If your pre-restaurant ritual includes checking out the menu to see what you fancy later, then a quick scan of their Instagram feed for gratuitous food pics, this French restaurant and wine shop will leave you wondering what to expect (there isn’t even a menu online).
Don’t let that put you off. What they’ve got going on at this smart new corner spot in The World’s End part of Chelsea is a decent concept. There’s a basement ‘bottle shop’ with links to Spirited Wines, which means you can pay 20 quid (including £2 corkage to drink in) for a powerhouse red like the Jean Luc Baldes Clos Triguedina 2011 Malbec. A definite plus.
Now, how about the food? Well, 442 depend on helpful staff to talk you through the very limited options – a salad or cheese and meat platters; a couple of mains; no desserts. That’s your lot.

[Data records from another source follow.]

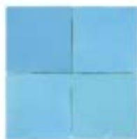
SKY BLUE ZL-401
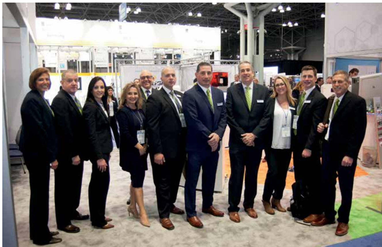
• The team at Benco Dental (booth No. 1617).
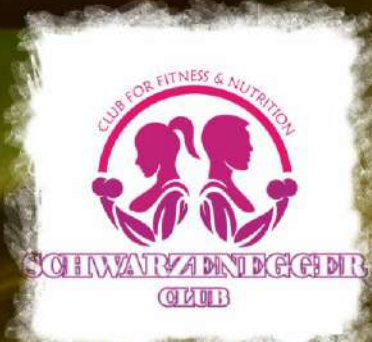
Schwarzenegger Club For Fitness & Nutrition
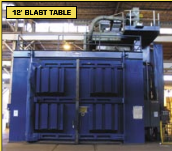
Pangborn NF Shot Blast Cleaning System

Major Metal Fabrication Facility Featuring MG Plasma Cutting System, Plate Bending, Heavy Duty Brakes & Shears, Metal Shop, & Much Much
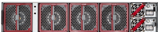
Arista 7280R3 2RU Rear View: Front to Rear airflow (red) DC Powered
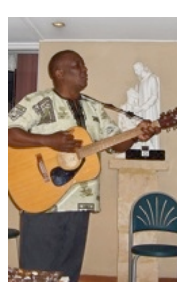
Colleague from Africa

IHACA needs you to continue doing groups and helping prevent. heal and treat damaged individuals.
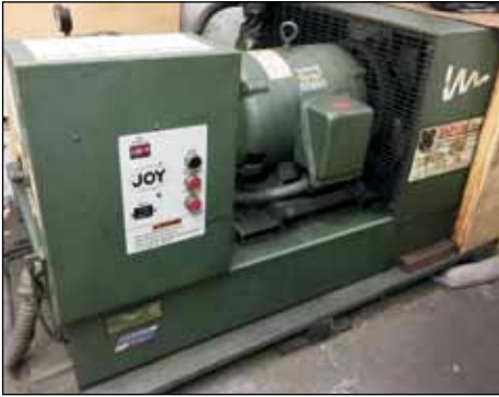
JOY "TWIST-AIR" 25 HP AIR COMPRESSOR
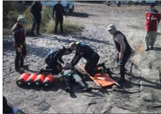
ADAS Part 1 divers complete emergency accident management training at Lake Stockton, Collie.
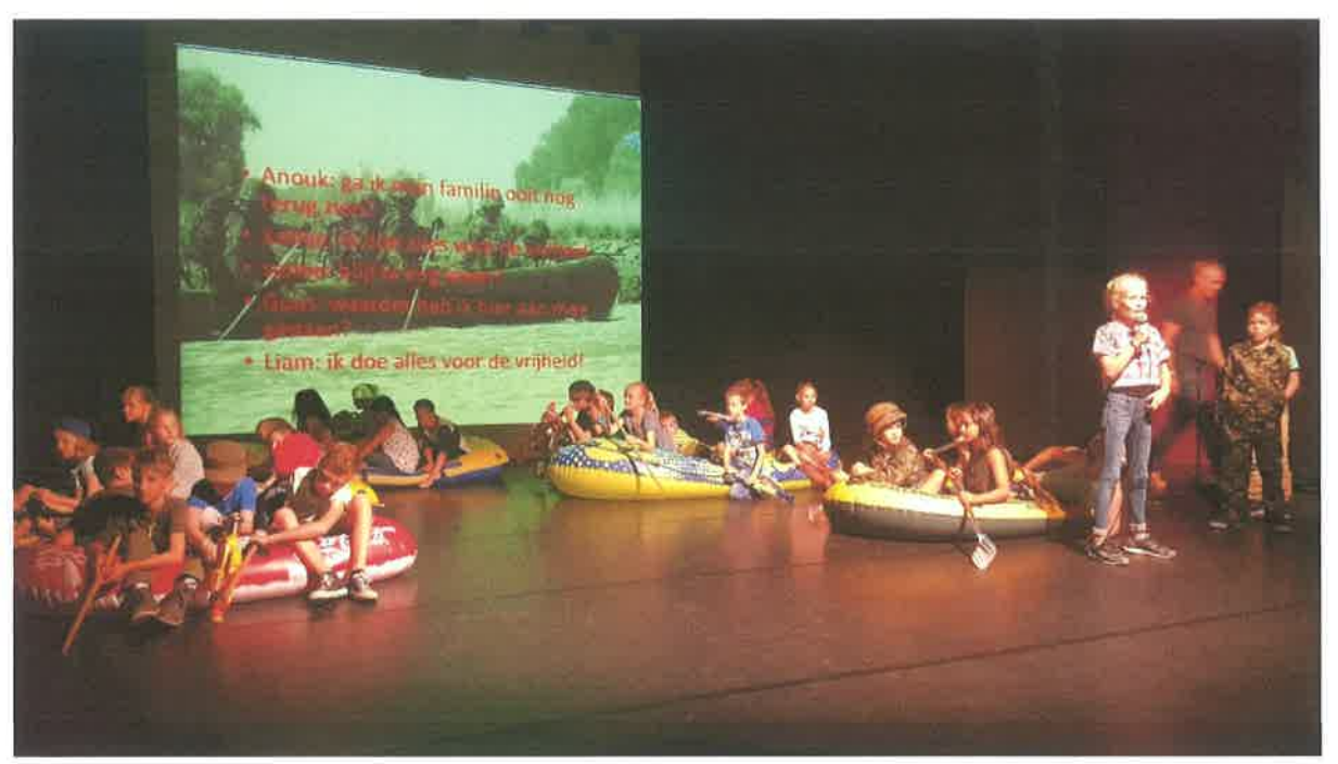
Children from "The Crossing Middle School" presenting a small play and poems of "The Crossing" in memory of the 504<sup>th</sup> PIR, 82<sup>nd</sup> ABN DIV paratroopers who lost their lives crossing the Waal River during Operation Market Garden.
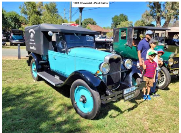
1928 Chevrolet - Paul Cains
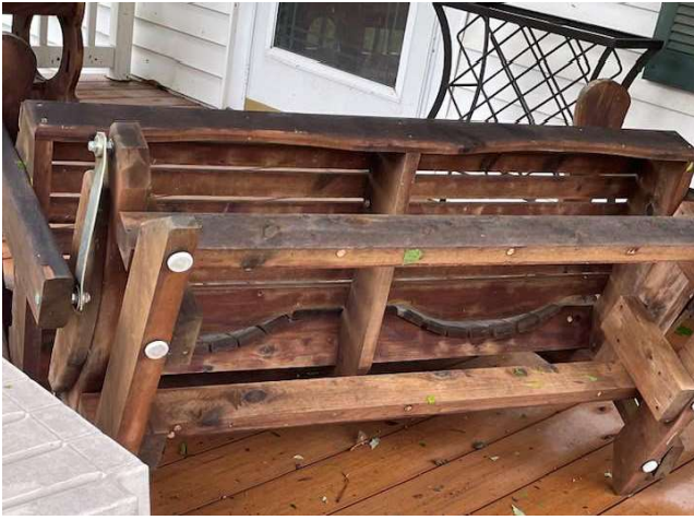
This is a very heavy Amish-made cedar glider. Trees are blocking both entrances to the barn. Storm flipped it over.

Despite the lack of options and uncertainty about the size of the bill, the quality is very respectable. A platter of high-grade French cheese and saucisson with a black pepper and salt crust worked perfectly well as a starter to share, while the duck confit main was so tender it practically fell off the bone when threatened with a fork. A crispy-skinned salmon with olive oil-infused mash was also good, but came without sauce or sides. At just over £70 for two, it’s competitively priced.
We visited on a Saturday afternoon when the Sloane end of the King’s Road was heaving with designer-toting types and ‘Made in Chelsea’ wannabes, and there was a huge queue for oysters and champagne at the street food market (we kid you not). Apart from the friendly staff and the classic dub music in the background, 442 was eerily empty. For that to change, they need to sort their menu issues out sharpish.